The skulls are “testimony to the horrors of colonialism and German cruelty against our people”, Namibian prime minister Nahas Angula said at a ceremony at Windhoek airport today. “The Namibian nation accepts these mortal remains as a symbolic closure of a tragic chapter.”

German ambassador Egon Kochanke said he welcomed home the skulls and added it was time for the two countries to move forward.

Some Herero and Nama people made it clear they are not so willing to forget the past and waved banners demanding reparations from Germany for what some historians call the first genocide of the 20th century. Historians say German troops killed and starved to death 60,000 of the 85,000 Herero people from 1904-07.

“We are ready for battle!

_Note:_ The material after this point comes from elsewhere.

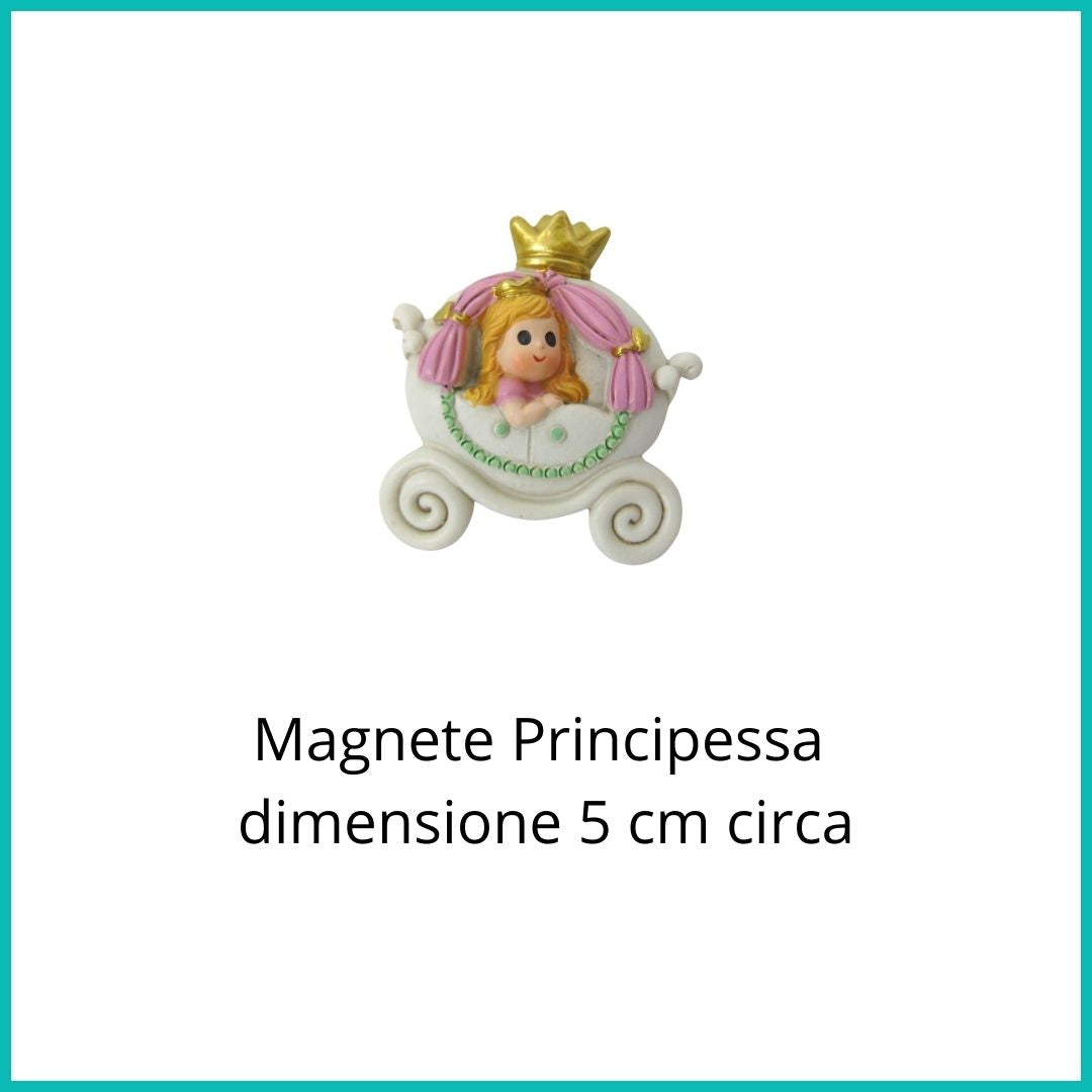 Il magnete carrozza principessa bimba è realizzato in resina e di h. 5 cm circa. Perfetto sia per nascita che battesimo.

We are going to fight!” Herero warriors in military uniform chanted as a leader, chest covered in animal skins, led a cleansing ceremony watched by tribal chiefs in red and yellow hats.

It is not known how many hundreds more skulls may remain in Germany.

Germany only apologised for the massacres in 2004, during ceremonies marking the centenary of the start of the Herero uprising against German colonisers. But the German government does not acknowledge that there was a genocide of the Herero in what it then called German South West Africa.

Germany also has refused Herero demands for reparations, saying it gives generous aid to Namibia’s government for all the country’s two million people.